FP-growth first needs to build an FP-tree, which is a prefix tree. The construction method is the same as a regular prefix tree, but before construction, items in each transaction must be sorted according to a unified rule (can be by item frequency or item name—as long as it’s consistent across transactions).

Since original items are already sorted by name, we can directly build the FP-tree using the prefix tree method. The figure below shows the construction result after reading the first two records:

Following this method, we can build the entire FP-tree as shown below:

Note: The above process omits one step—before constructing the FP-tree, we need to set a min-support value. This value means an item must appear at least min-support times; if less, remove that item from all transactions, then construct the prefix tree using the above method.

The reason: (1) items with low frequency in itemsets are considered low relevance; (2) when input is large, the constructed tree will also be large, so we can remove infrequent items by setting a threshold.

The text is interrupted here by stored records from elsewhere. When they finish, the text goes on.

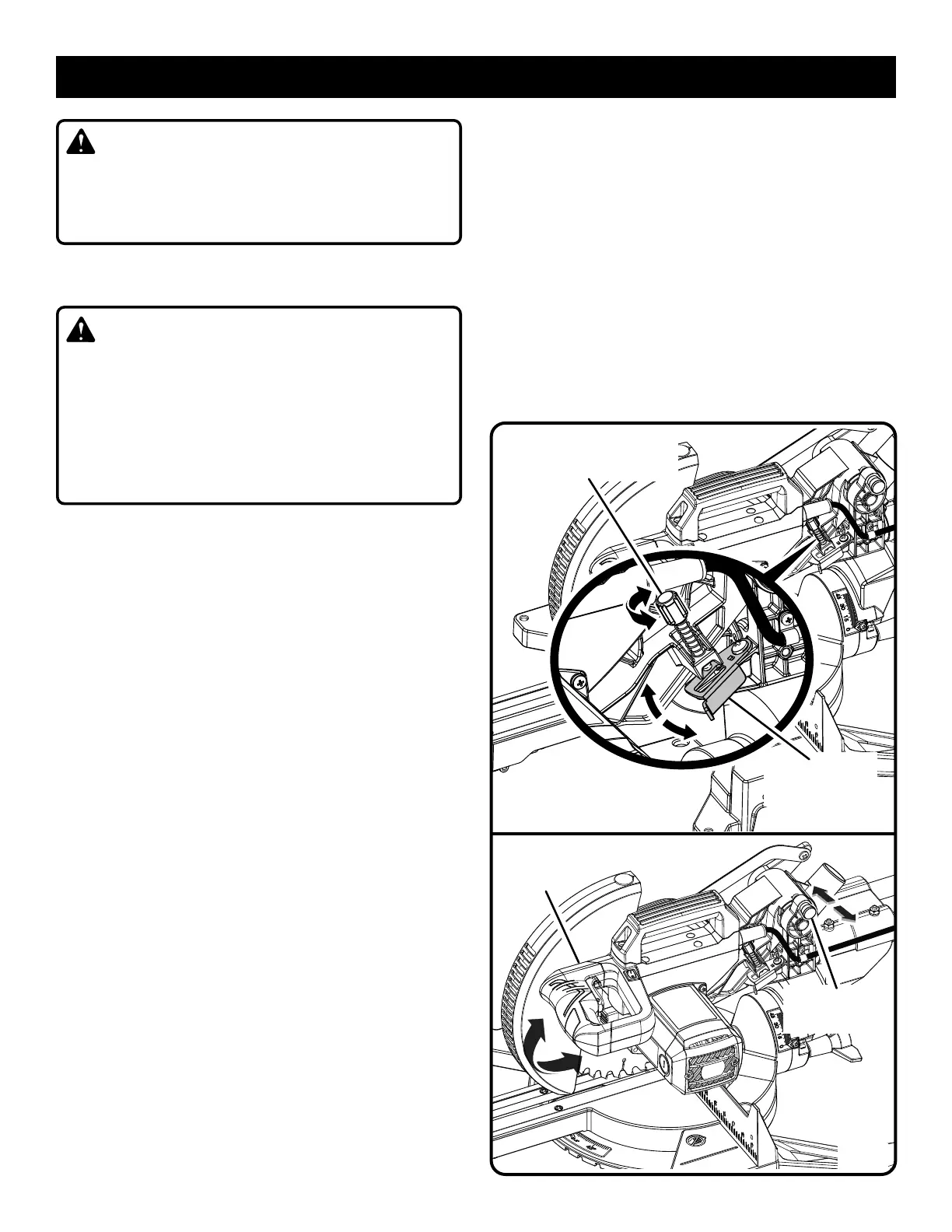 Pour déverrouiller et relever le bras de la scie :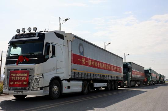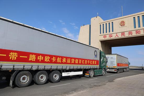 阿拉山口市举行“一带一路”中欧卡航承运货值百亿至千亿首发仪式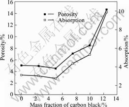 Fig.8 Effect of carbon black content on porosity and absorption of composite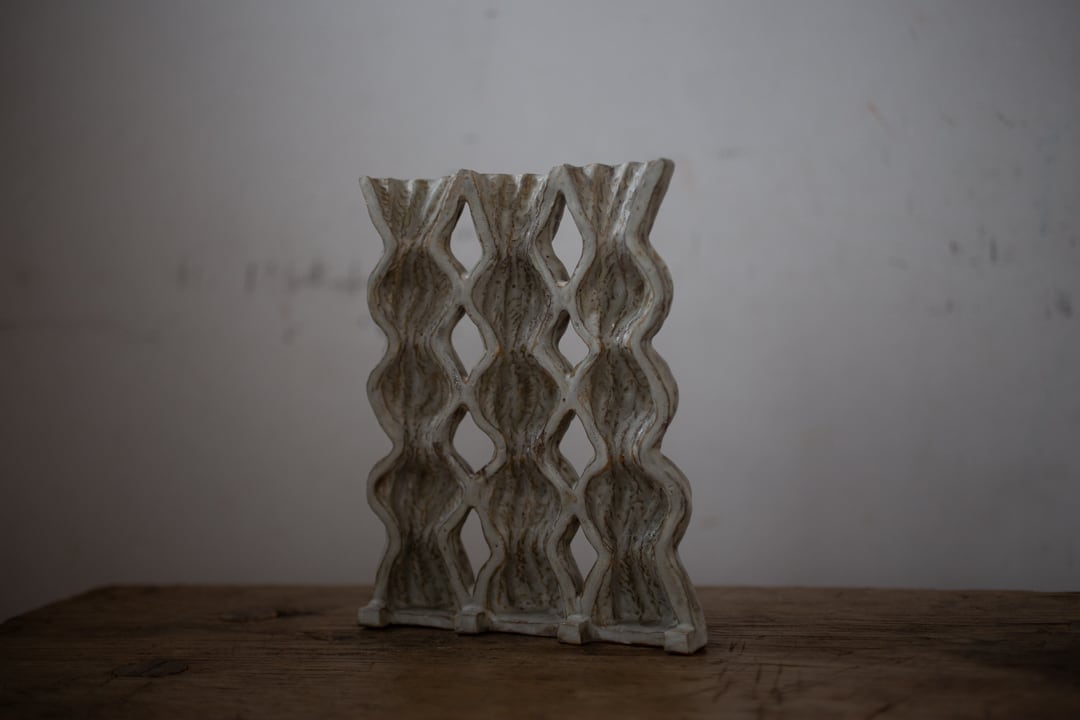 こちらは2024年の東京・神宮前「白紙」にて開催された個展「Detachment」で初めて拝見したかたち。オブジェを縦半分に切断し、3つ並べ、自立するように細工が施されています。なじみのあるモチーフに手を加えて変形することで、ガラリと印象がかわりました。視点をかえることで世界が広がることに驚きを感じた作品でした。今回、ぜひ作っていただきたいとお願いをしたかたちです。
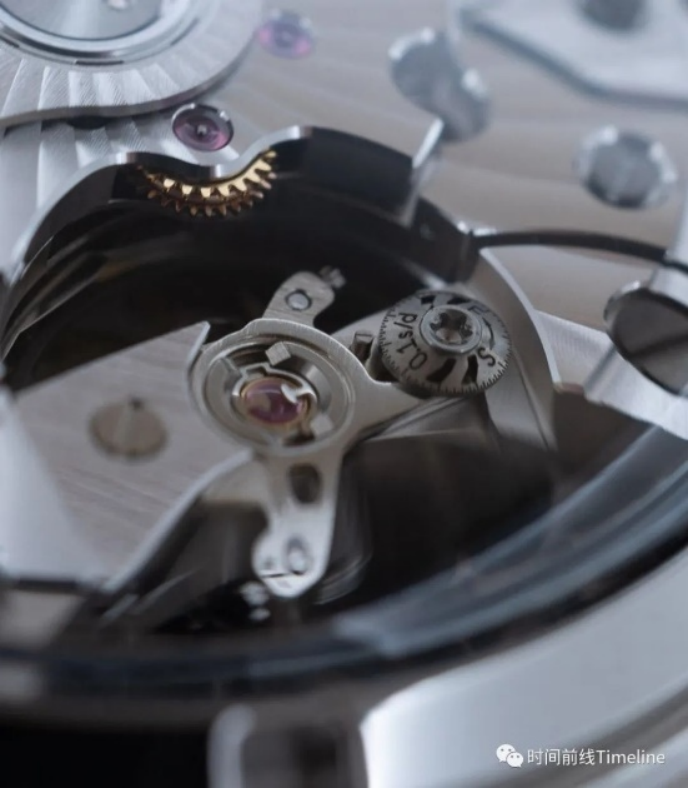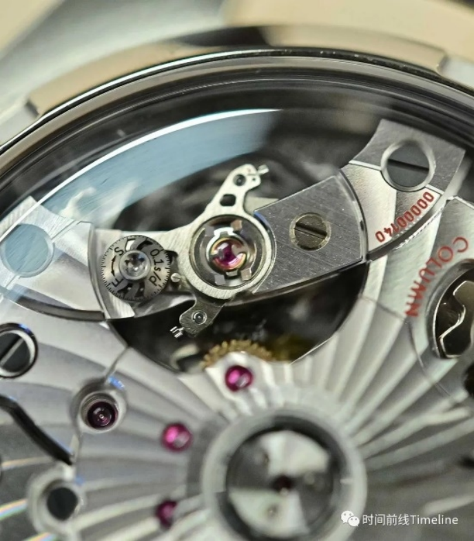 使用柱狀輪,垂直離合,硅游絲,無(wú)卡度砝碼微調(diào),擺頻28800次/時(shí),動(dòng)力60小時(shí)。但各位可以看到,擺輪夾板上,多了Spirate系統(tǒng)的調(diào)節(jié)“小圓片”。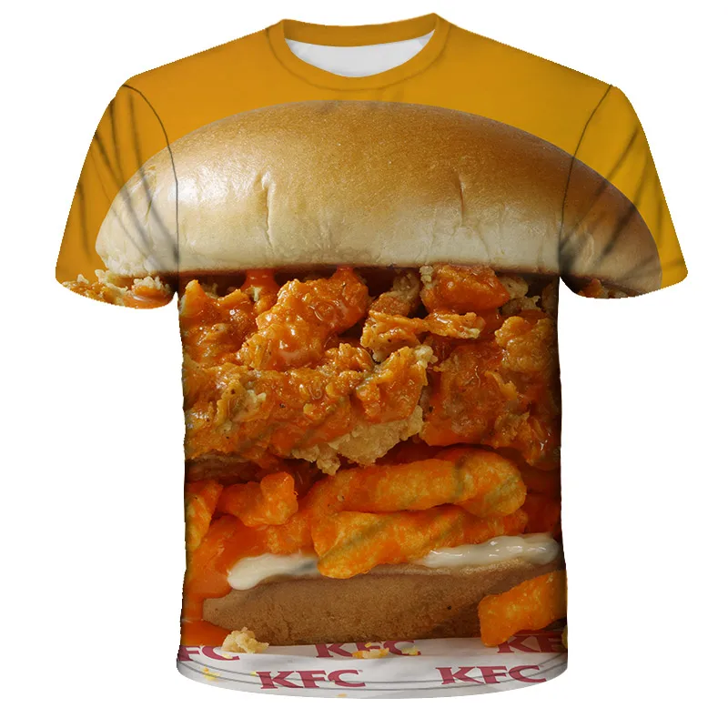 Футболка мужская оверсайз в стиле хип-хоп, модная Свободная рубашка с объемным принтом гамбургеров, картошки фри, фаст-фуда, лето 2021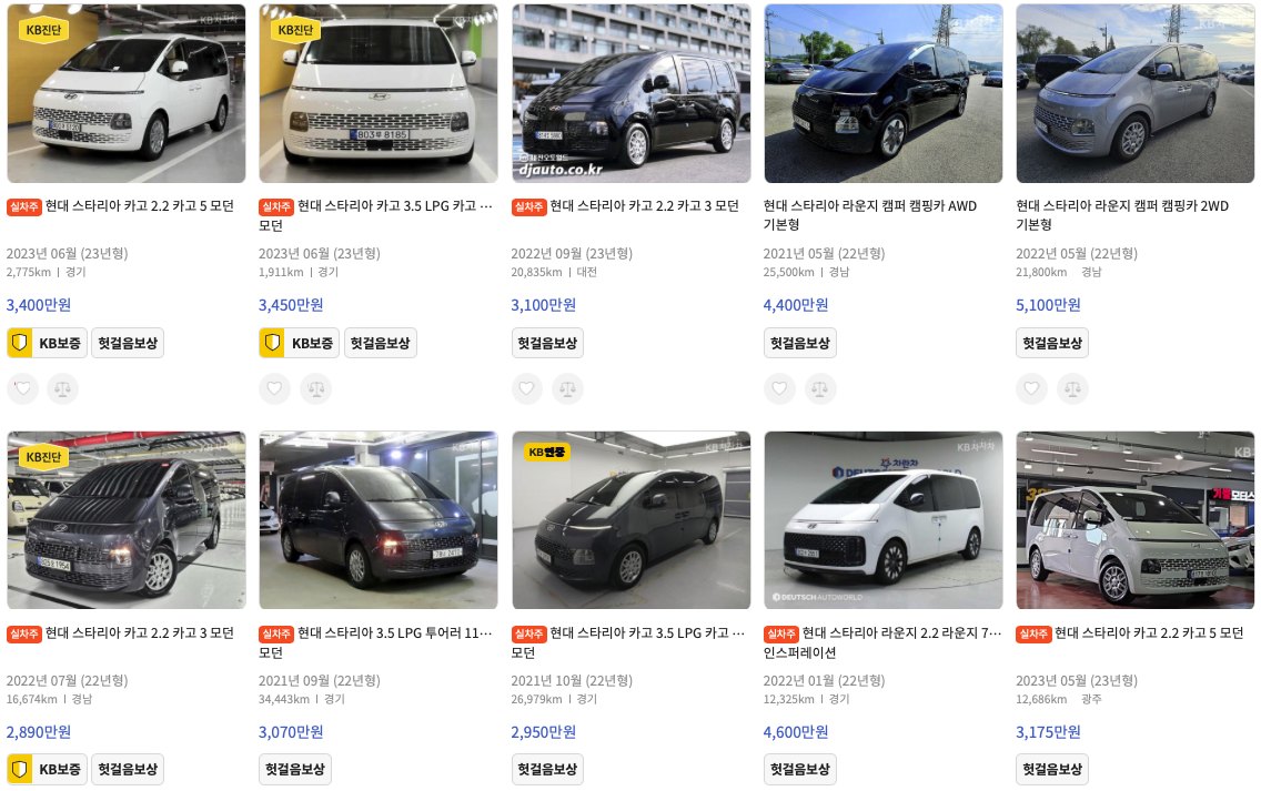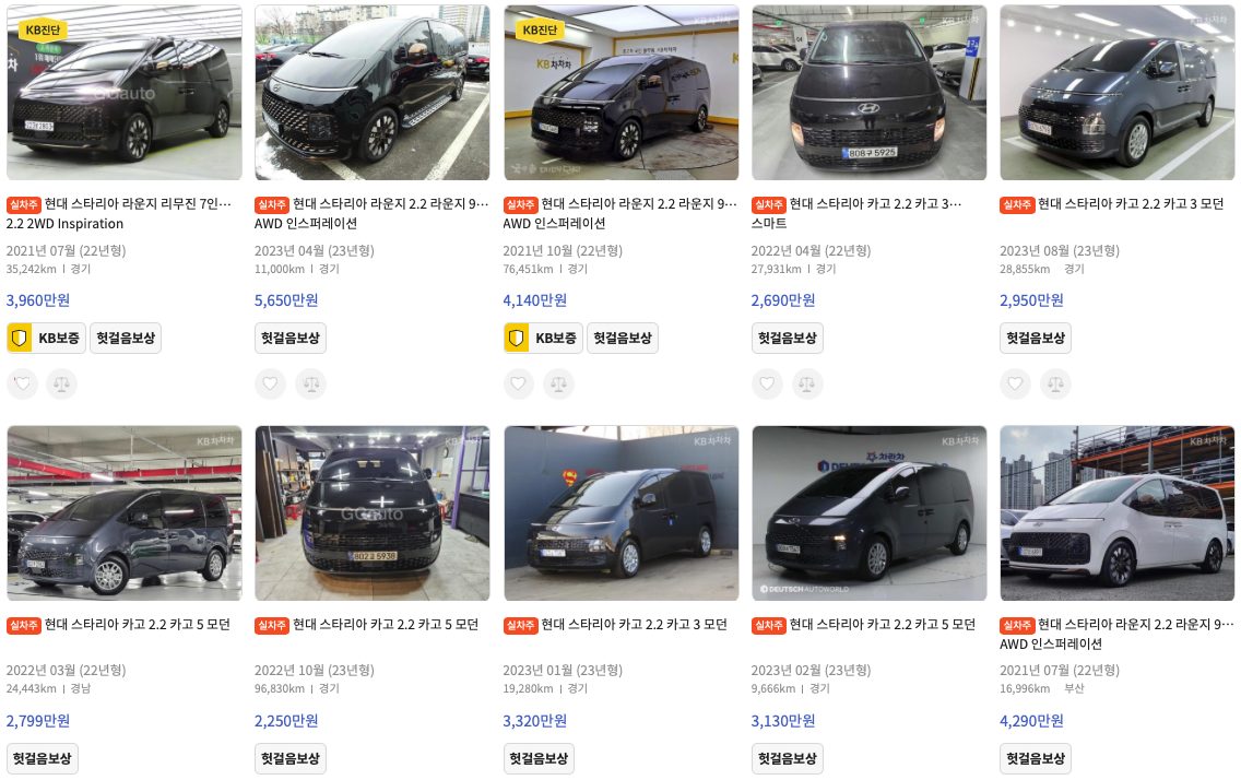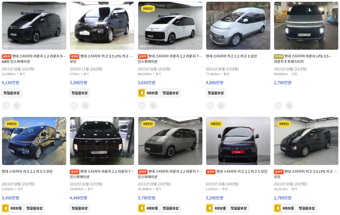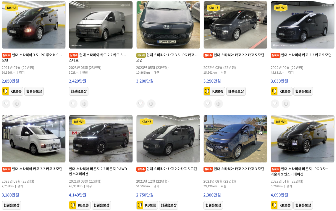 KB차차차 스타리아 중고차 가격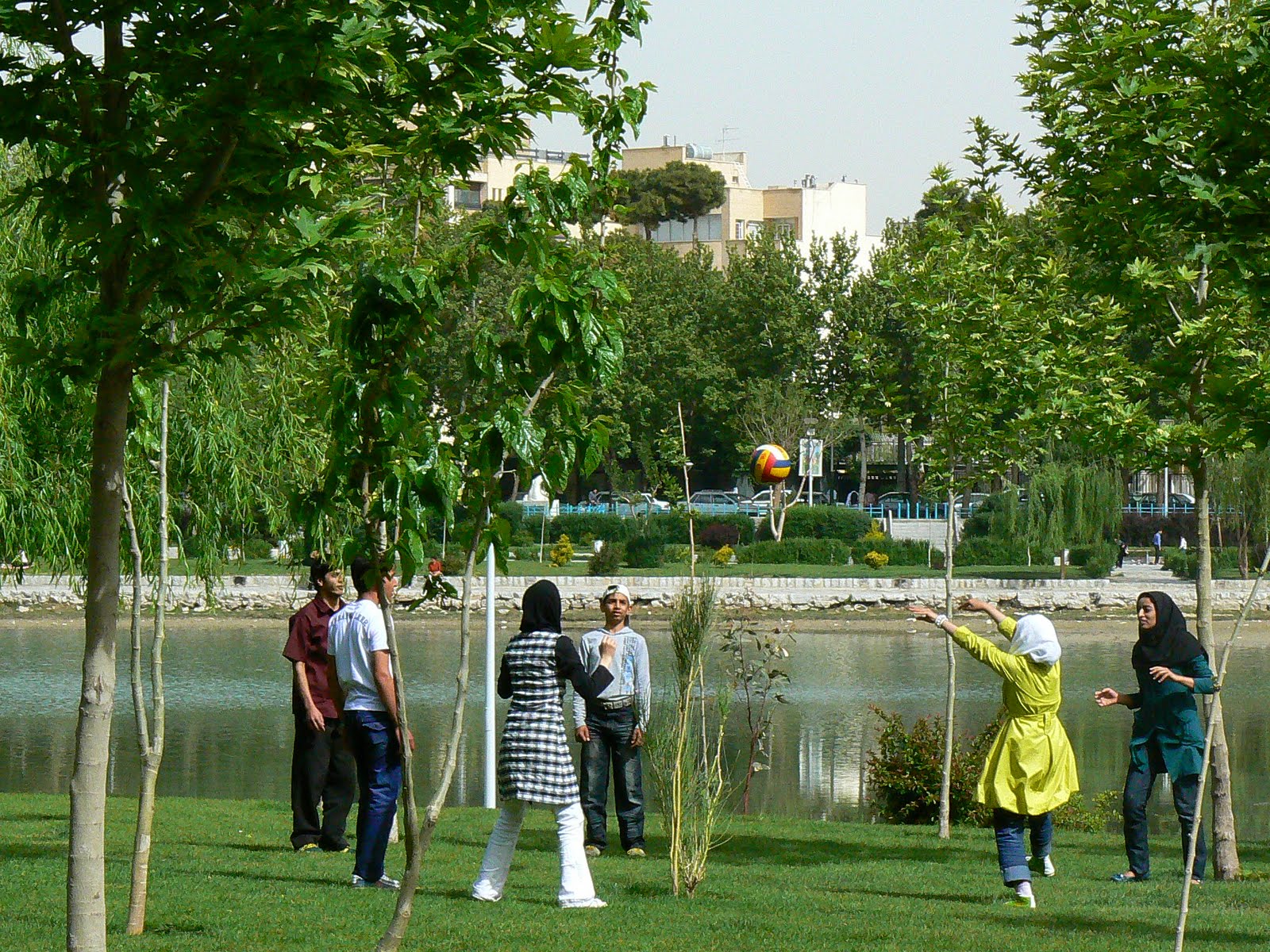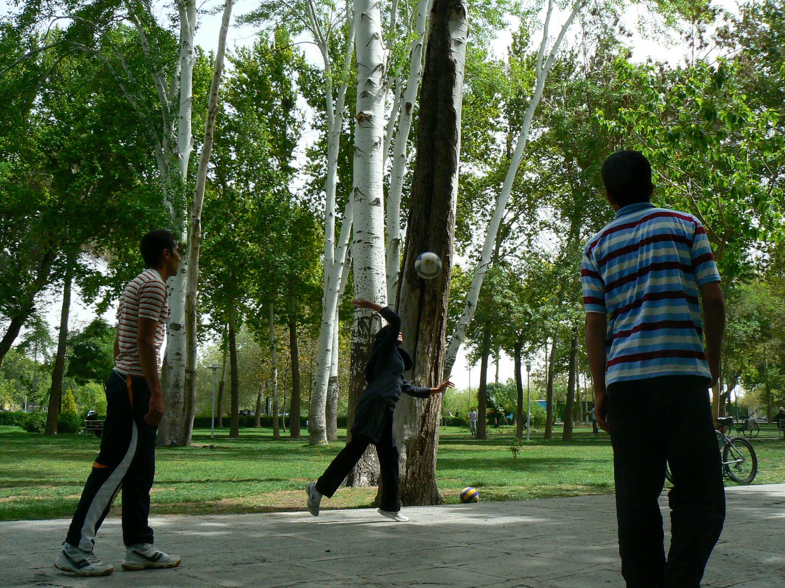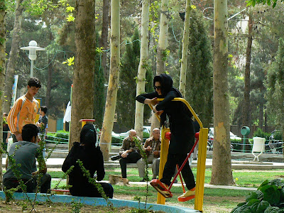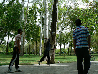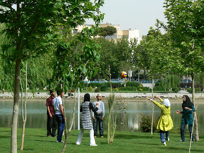Pana la urma, am acceptat invitatia la un grup de tineri. Ei erau din Esfahan, deci nu venisera cu cortul, dar iesisera la iarba verde. Unul dintre ei vorbea bine engleza, era mecanic auto, ceilalti prieteni mai rupeau si ei, pe ici pe colo. Era o gasca sportiva. Venisera sa joace fotbal si mai ales volei… Erau de altfel multe fete care jucau volei – da, in chador si cu ceva pe cap, dar jucau volei si unele erau chiar bune ! Alte tipe mergeau pe biciclete, iar unele chiar faceau mushi la niste aparate amplasate in parc. Ce gym ? Parcul era de baza.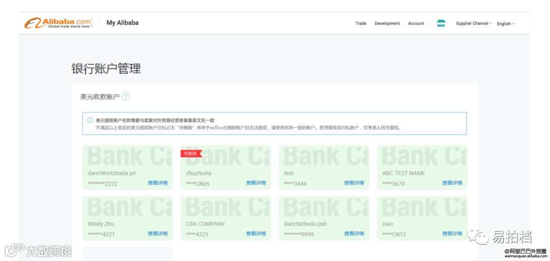 2018年10月16日起,中国大陆所有付费供应商的美元对公收款账户将启动对公英文名称校验,用基准英文账户名验证该用户其他美元对公收款账户,英文账户名与此不一致的,在美元账户列表页面打标记待删除。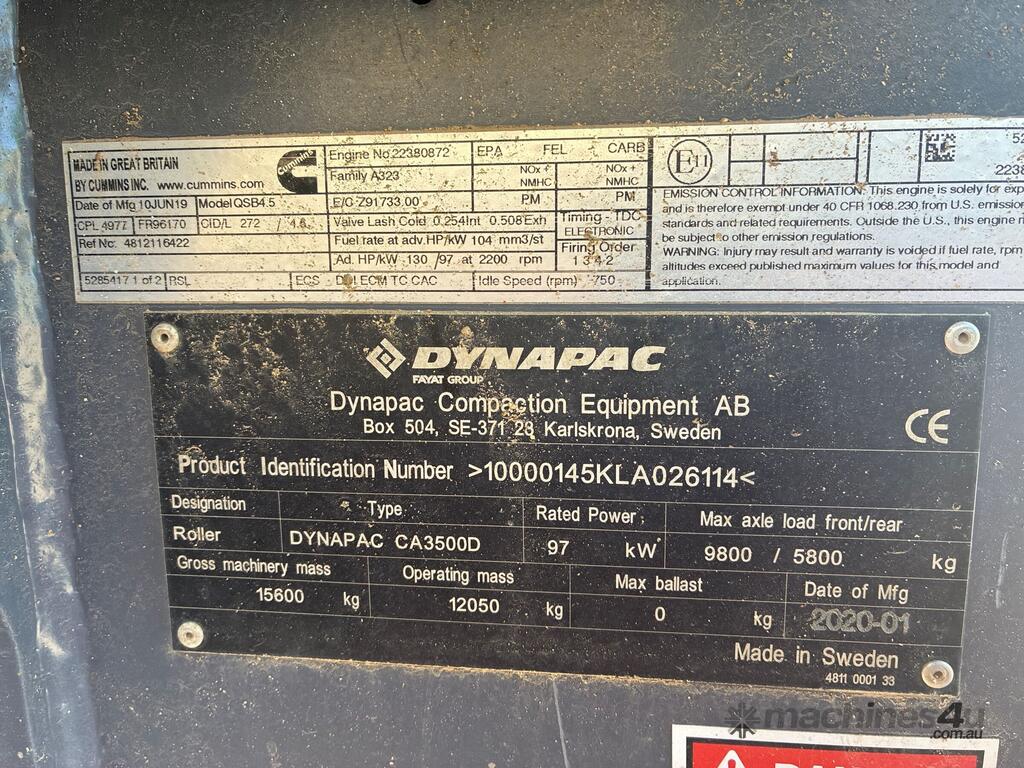 CP: 01/2020,Dynapac,CA3500D,Smooth Drum Roller,Diesel,Odometer not visible,4068 (Hrs. Showing on Hour meter),Colour: White,Rego. No: NP(XV88OA), Unregistered,Serial No: 10000145KLA026114,Sold with No Plates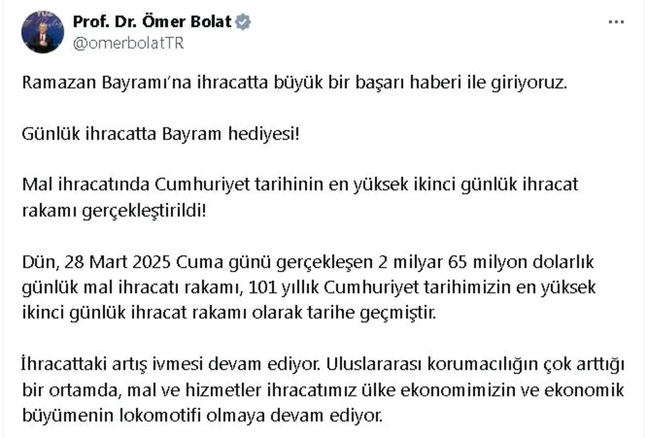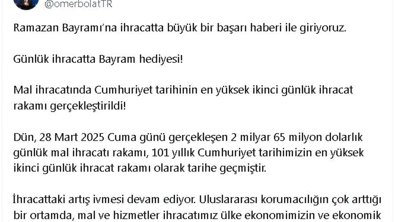 Ticaret Bakanı Ömer Bolat, sosyal medya hesabından yaptığı açıklamada, "Ramazan Bayramı'na ihracatta büyük bir başarı haberi ile giriyoruz. Günlük ihracatta bayram hediyesi. Mal ihracatında Cumhuriyet tarihinin en yüksek ikinci günlük ihracat rakamı gerçekleştirildi. Dün, 28 Mart 2025 Cuma günü gerçekleşen 2 milyar 65 milyon dolarlık günlük mal ihracatı rakamı, 101 yıllık Cumhuriyet tarihimizin en yüksek ikinci günlük ihracat rakamı olarak tarihe geçmiştir" ifadelerini kullandı.

But from what we discussed earlier, this actually removes some long-tail data.

After constructing the FP-tree, to mine frequent itemsets, we first need to specify an item, then mine frequent itemsets related to that item. Mining frequent itemsets related to an item requires constructing a Conditional FP-tree—a FP-tree composed of all transactions related to that item. For example, to mine frequent itemsets related to item ‘e’, the Conditional FP-tree construction process is:

First, find all branches with ‘e’ as leaf node to form a tree, as shown in (a) below:

Next, update parent node counts to the sum of child node counts, and remove the ‘e’ leaf node:

In this process, we need to remove items whose support doesn’t meet min-support. Let min-support be 2—since ‘b’ in the above figure has support of only 1, we need to remove ‘b’:

After constructing ‘e’s conditional FP-tree, we just need to mine frequent itemsets in the conditional FP-tree and append ’e’ to all frequent itemsets. For example, if frequent itemsets mined from the conditional FP-tree are {a:2, d:2} and {c:2}, then frequent itemsets for ‘e’ are {a:2, d:2, e:2} and {c:2, e:2}. This is actually solving a recursive problem.

MapReduce Implementation of FP-growth

Generally, the original data for mining frequent itemsets is quite large, so the constructed FP-tree will also be large. When memory cannot store the FP-tree, one solution is to increase min-support to reduce FP-tree size, but based on the long-tail effect we discussed earlier, this will cut off long-tail data.

Another method is to implement the algorithm in a distributed way. Distributed implementation allows supporting smaller min-support when building FP-tree, thus able to mine infrequent itemsets. The distributed framework used here is MapReduce—below are the implementation details.

First, let’s introduce the MapReduce programming paradigm. Input, intermediate results, and output are all key-value pairs. The intermediate shuffling process aims to hand pairs with the same key to the same worker.

In implementation, the shuffling process can decide which worker handles a kv pair by hashing the key and taking modulo (number of workers).

Data transmission is through distributed file systems—requiring repeated disk writes for data transfer, which is why MapReduce cannot be fast.

From above, finding frequent itemsets for item A and item B are independent tasks—just need to find conditional FP-trees for item A and item B respectively, so they can be handled by two workers separately.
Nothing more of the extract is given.